Re: [PROPOSAL] Support level increment delay for ReconsumerLater interface

2021-09-28 Thread r...@apache.org
Thanks Chris:

> It seems like an application can already do something like this without
any
> changes to the clients?

Now we can't implement such logic. Although we now provide the interface of
reconsumerLater, the real situation is that if there are some problems in
the system, it may be difficult to receive the message correctly after a
retry.

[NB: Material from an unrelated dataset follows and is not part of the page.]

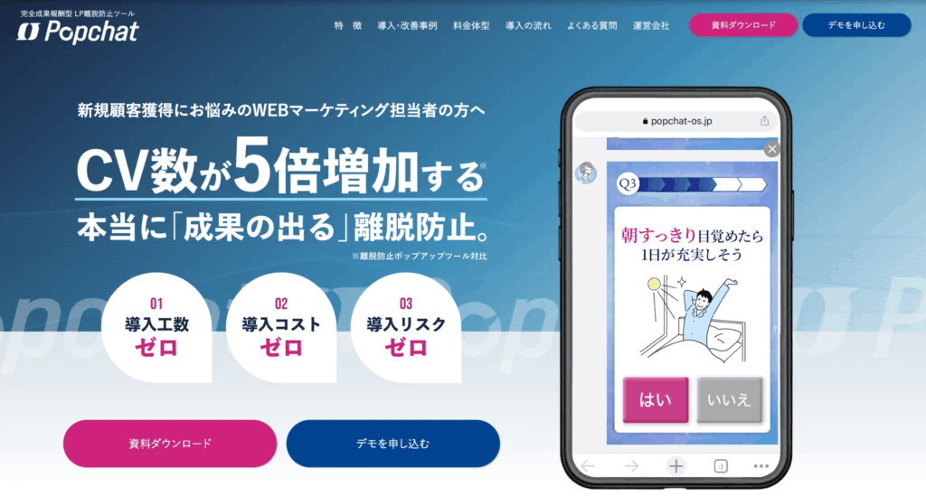 Popchatは、ポップアップとチャットの両方を活用して離脱後のユーザーにアプローチできるサービスです。豊富な支援実績をもとに、製品に適合したシナリオ設計及びPDCAを徹底し、改善にコミットします。

We need to manually trigger the logic of ReconsumerLater multiple
times, so whether we can implement ReconsumerLater In the form of automatic
fallback, allowing users to retry multiple times, instead of the current
solution that only retryes once.

> An application could read the message properties and then figure out the
> next time interval it should use the for the ReconsumeLater method. The
> leveling concept could be a small piece of code the application implements
> to figure out the next time to reconsume the message.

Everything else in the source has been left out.